◆ **Record set**
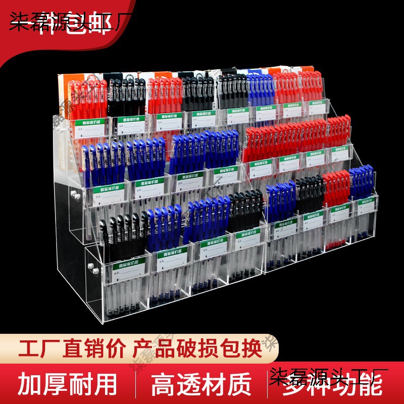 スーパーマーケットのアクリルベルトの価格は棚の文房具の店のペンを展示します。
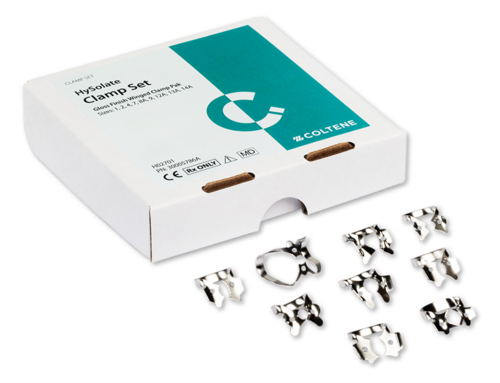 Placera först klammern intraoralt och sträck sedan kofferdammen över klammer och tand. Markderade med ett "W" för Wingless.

* * *

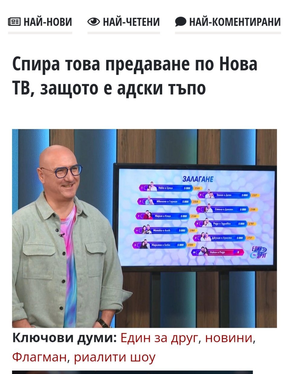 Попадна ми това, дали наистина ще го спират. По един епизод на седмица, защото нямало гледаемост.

---

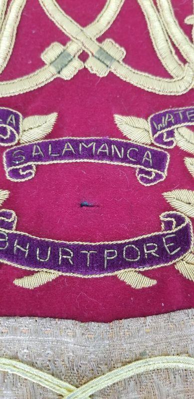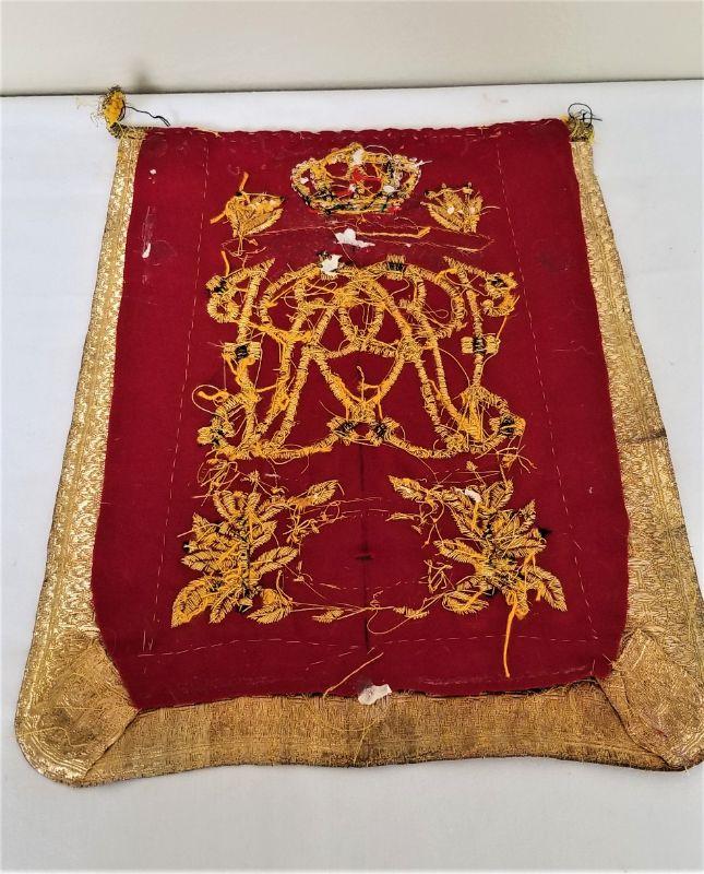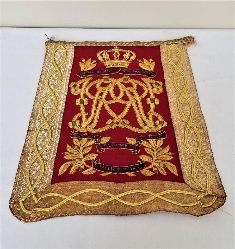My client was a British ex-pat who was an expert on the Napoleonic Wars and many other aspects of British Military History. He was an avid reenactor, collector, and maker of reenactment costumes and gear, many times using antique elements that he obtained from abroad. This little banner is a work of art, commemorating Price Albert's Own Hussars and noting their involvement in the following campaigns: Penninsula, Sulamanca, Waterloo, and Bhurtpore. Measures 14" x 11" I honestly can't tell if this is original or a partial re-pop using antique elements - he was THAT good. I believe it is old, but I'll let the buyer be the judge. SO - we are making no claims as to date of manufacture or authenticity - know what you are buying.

◆ **The task**
Restate the lines above from the one containing "スーパーマーケットのアクリルベルトの価格は棚の文房具の店のペンを展示します。" through the one containing "Placera först klammern", inclusive, exactly and without pictures.

◆ **Solution for this problem**
 スーパーマーケットのアクリルベルトの価格は棚の文房具の店のペンを展示します。
 Placera först klammern intraoralt och sträck sedan kofferdammen över klammer och tand. Markderade med ett "W" för Wingless.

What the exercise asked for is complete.